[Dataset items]
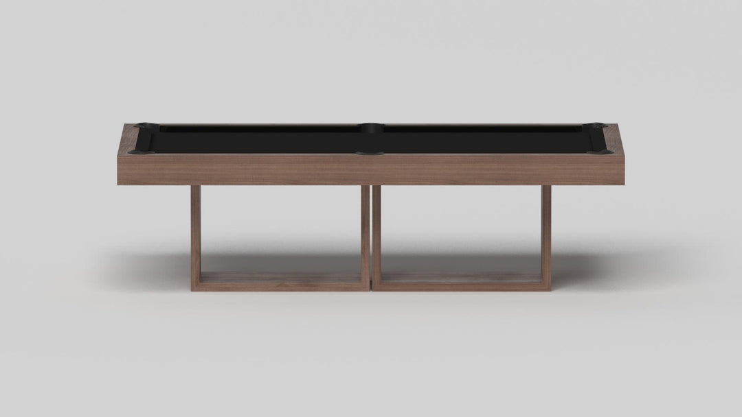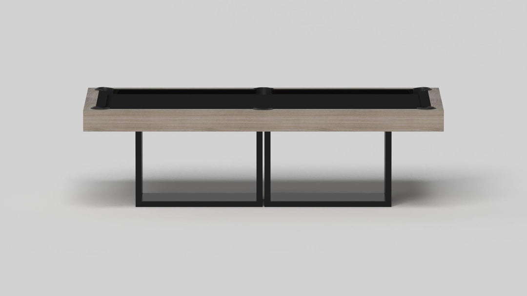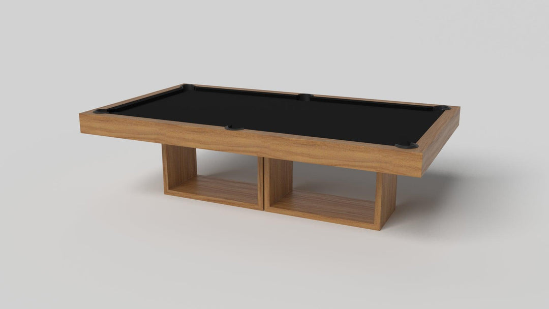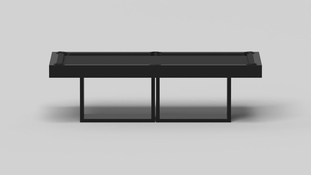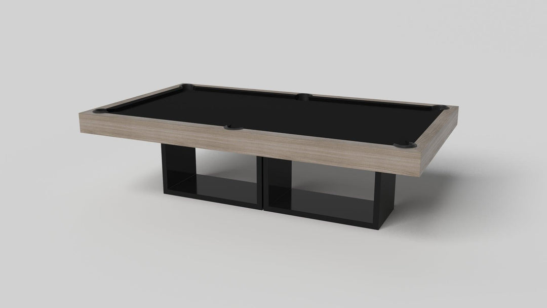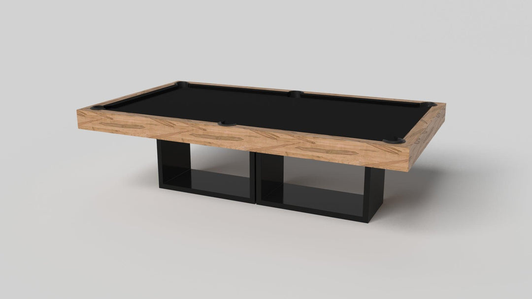 Discover the epitome of modern elegance with the AMBROSIA Pool Table by Elevate Customs. Crafted with meticulous attention to detail, this hand-sanded hardwood masterpiece redefines the pool table experience. It stands on two sleek, rectangular, open pedestals, creating a stunning interplay of solid form and negative space. The AMBROSIA Pool Table is more than just a game table; it's a statement piece that marries superior functionality with an artful design.
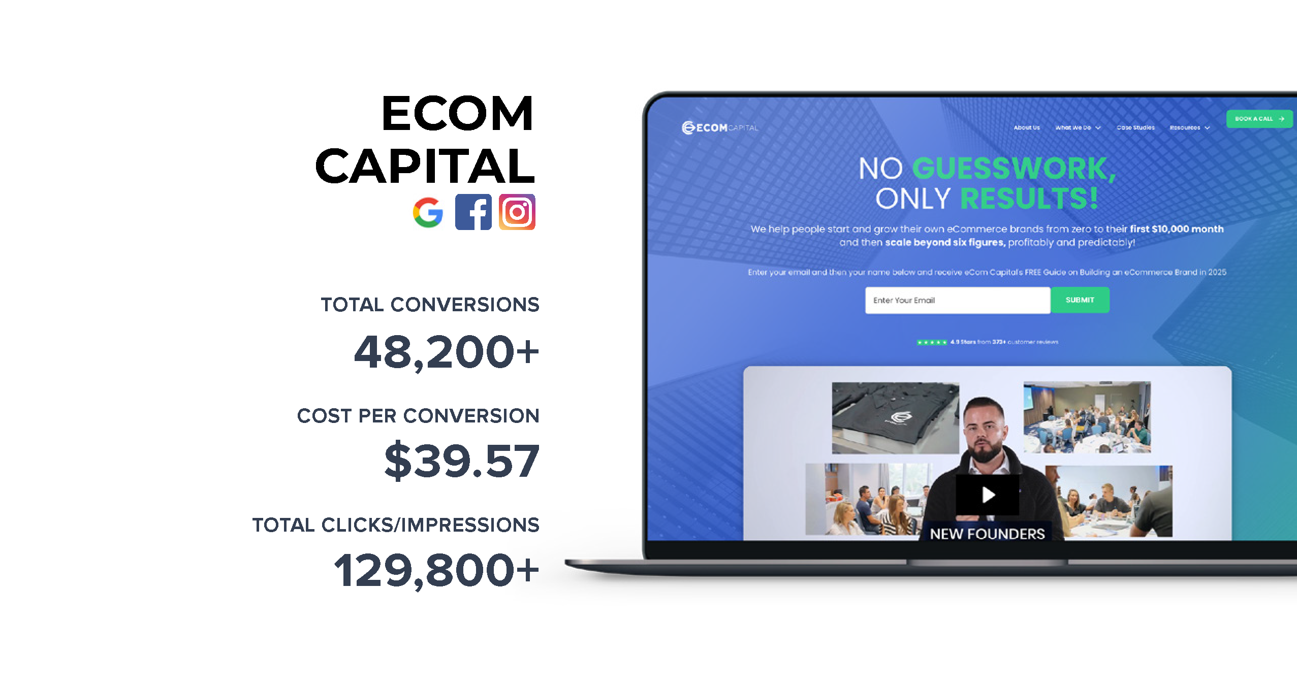 GMS Media Group has been partnering with eCom Capital for over a  year, overseeing the creation and management of their ad campaigns on both META and Google within the performance space. In addition to managing these campaigns, GMS has assisted eCom Capital in developing a diverse range of creative content pieces, which have been effectively utilized in their advertising efforts.
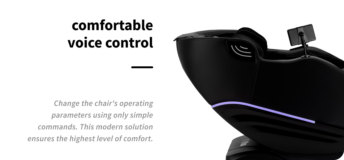 The massage chair is equipped with a voice control function for convenient hands-free operation. With simple commands, you can start or end a massage, select a mode, and adjust the airbags and massage intensity. This solution increases comfort, allows for complete relaxation, and lets you focus entirely on unwinding without having to reach for the control panel.
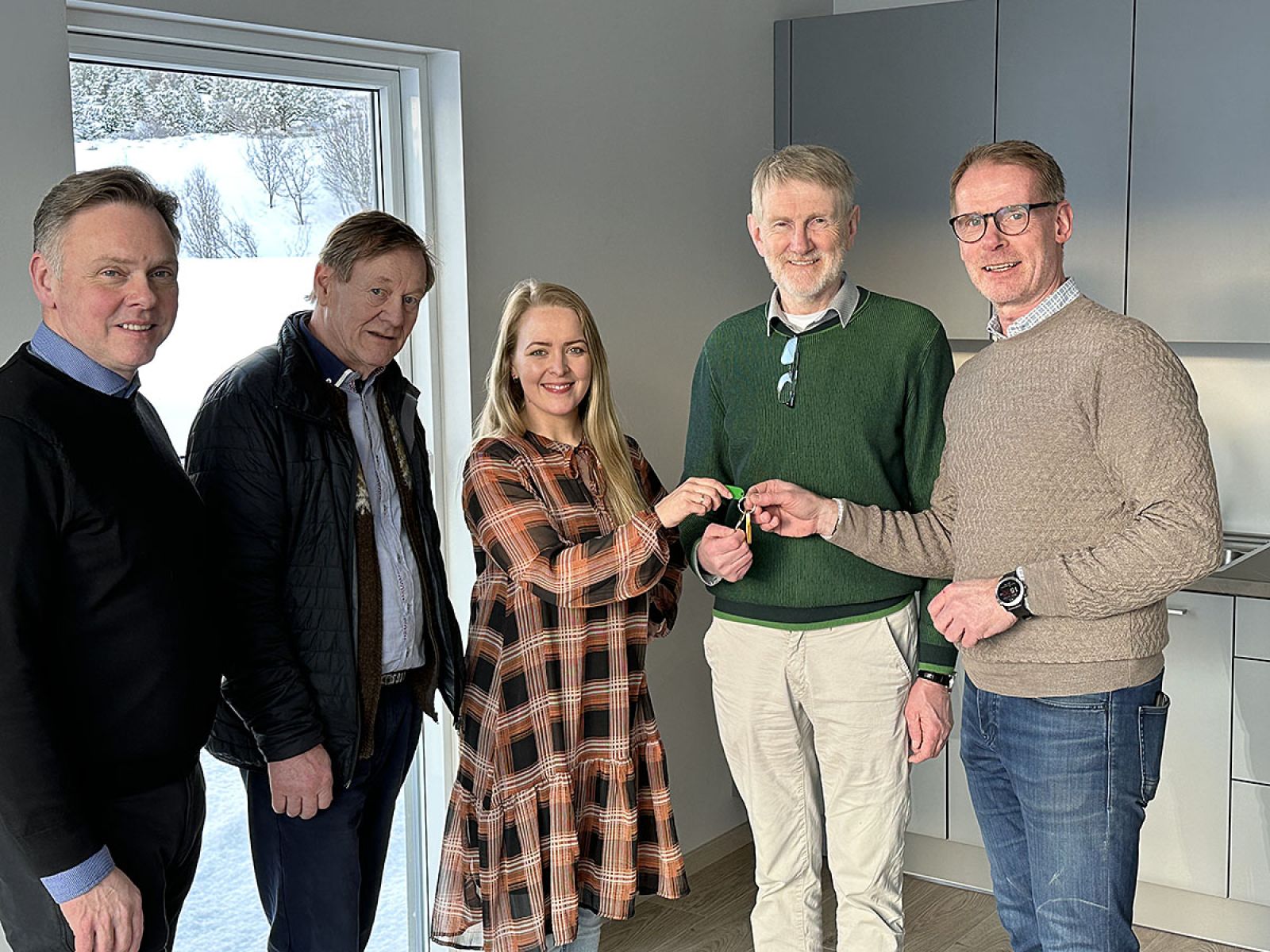 Frá afhendingu, frá vinstri: Jón Björn Hákonarson bæjarstjóri, Einar Skúli Hjartarson byggingastjórri, Hjördís Helga Seljan forseti bæjarstjórnar, Snorri Styrkársson formaður stjórnar Brákar og Ómar Guðmundsson framkvæmdastjóri Hrafnshóla. Myndir: Fjarðabyggð
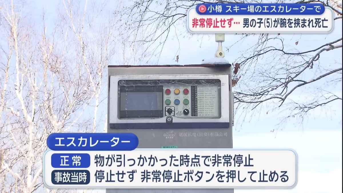 スキー場運営会社の総支配人らは同日夜、共同通信などの取材に応じ、エスカレーターに異物が巻き込まれた際に自動で非常停止する機能が作動せず、母親が非常停止ボタンを押したと説明した。朝の点検では正常に作動していたといい「誤作動なのか不具合なのか分からない」と述べた。

§ **WHAT THE EXERCISE ASKS**: Set down the data above word for word, leaving every picture out.

§ **OUTPUT BELOW**:
 Discover the epitome of modern elegance with the AMBROSIA Pool Table by Elevate Customs. Crafted with meticulous attention to detail, this hand-sanded hardwood masterpiece redefines the pool table experience. It stands on two sleek, rectangular, open pedestals, creating a stunning interplay of solid form and negative space. The AMBROSIA Pool Table is more than just a game table; it's a statement piece that marries superior functionality with an artful design.
 GMS Media Group has been partnering with eCom Capital for over a  year, overseeing the creation and management of their ad campaigns on both META and Google within the performance space. In addition to managing these campaigns, GMS has assisted eCom Capital in developing a diverse range of creative content pieces, which have been effectively utilized in their advertising efforts.
 The massage chair is equipped with a voice control function for convenient hands-free operation. With simple commands, you can start or end a massage, select a mode, and adjust the airbags and massage intensity. This solution increases comfort, allows for complete relaxation, and lets you focus entirely on unwinding without having to reach for the control panel.
 Frá afhendingu, frá vinstri: Jón Björn Hákonarson bæjarstjóri, Einar Skúli Hjartarson byggingastjórri, Hjördís Helga Seljan forseti bæjarstjórnar, Snorri Styrkársson formaður stjórnar Brákar og Ómar Guðmundsson framkvæmdastjóri Hrafnshóla. Myndir: Fjarðabyggð
 スキー場運営会社の総支配人らは同日夜、共同通信などの取材に応じ、エスカレーターに異物が巻き込まれた際に自動で非常停止する機能が作動せず、母親が非常停止ボタンを押したと説明した。朝の点検では正常に作動していたといい「誤作動なのか不具合なのか分からない」と述べた。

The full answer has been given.